=== Section Start ===

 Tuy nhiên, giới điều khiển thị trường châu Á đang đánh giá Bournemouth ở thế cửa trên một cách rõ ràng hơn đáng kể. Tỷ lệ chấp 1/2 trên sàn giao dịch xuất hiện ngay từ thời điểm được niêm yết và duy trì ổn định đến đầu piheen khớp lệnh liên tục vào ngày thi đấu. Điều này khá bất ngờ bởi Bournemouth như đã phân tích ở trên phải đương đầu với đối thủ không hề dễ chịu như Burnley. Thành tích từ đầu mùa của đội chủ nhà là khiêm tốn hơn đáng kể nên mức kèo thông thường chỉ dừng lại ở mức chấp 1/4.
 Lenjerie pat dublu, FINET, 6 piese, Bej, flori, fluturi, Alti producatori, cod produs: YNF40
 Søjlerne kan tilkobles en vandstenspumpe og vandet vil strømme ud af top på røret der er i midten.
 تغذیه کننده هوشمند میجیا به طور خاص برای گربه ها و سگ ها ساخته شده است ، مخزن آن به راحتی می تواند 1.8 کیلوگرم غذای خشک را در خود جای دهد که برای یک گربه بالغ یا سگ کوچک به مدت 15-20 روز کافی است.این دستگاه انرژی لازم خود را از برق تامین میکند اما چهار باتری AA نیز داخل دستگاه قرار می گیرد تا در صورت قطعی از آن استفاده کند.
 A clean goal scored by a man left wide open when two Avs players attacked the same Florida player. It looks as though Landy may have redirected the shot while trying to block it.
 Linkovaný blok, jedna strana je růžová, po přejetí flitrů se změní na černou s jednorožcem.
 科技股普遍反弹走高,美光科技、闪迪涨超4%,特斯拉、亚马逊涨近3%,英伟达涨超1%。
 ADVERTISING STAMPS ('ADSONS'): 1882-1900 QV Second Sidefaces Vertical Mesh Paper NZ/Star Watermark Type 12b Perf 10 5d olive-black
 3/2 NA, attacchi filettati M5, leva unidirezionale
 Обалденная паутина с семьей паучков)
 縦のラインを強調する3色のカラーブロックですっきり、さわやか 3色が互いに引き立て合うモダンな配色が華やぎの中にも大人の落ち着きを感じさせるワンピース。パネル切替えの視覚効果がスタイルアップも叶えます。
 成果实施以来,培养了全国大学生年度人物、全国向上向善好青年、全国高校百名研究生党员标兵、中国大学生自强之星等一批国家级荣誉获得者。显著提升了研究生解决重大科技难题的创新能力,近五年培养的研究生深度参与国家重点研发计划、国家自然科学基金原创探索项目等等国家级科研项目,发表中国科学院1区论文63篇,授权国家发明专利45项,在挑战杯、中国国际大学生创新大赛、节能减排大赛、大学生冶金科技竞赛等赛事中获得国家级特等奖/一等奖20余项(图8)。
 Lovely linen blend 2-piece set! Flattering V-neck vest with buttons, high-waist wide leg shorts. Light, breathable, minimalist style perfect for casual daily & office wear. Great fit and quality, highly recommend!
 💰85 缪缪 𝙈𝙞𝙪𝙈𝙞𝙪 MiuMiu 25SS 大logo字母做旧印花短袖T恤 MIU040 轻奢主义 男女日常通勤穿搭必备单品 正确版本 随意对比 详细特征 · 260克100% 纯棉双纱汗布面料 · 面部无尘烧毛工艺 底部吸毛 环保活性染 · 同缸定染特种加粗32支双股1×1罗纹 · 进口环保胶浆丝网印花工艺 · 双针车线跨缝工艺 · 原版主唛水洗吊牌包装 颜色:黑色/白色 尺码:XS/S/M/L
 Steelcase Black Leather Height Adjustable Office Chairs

=== Section End ===

Going back to the entries above, set down exactly the lines that begin at the one with "Lenjerie pat dublu, FINET, 6" and end at the one with "Søjlerne kan tilkobles", both included, and nothing else.

 Lenjerie pat dublu, FINET, 6 piese, Bej, flori, fluturi, Alti producatori, cod produs: YNF40
 Søjlerne kan tilkobles en vandstenspumpe og vandet vil strømme ud af top på røret der er i midten.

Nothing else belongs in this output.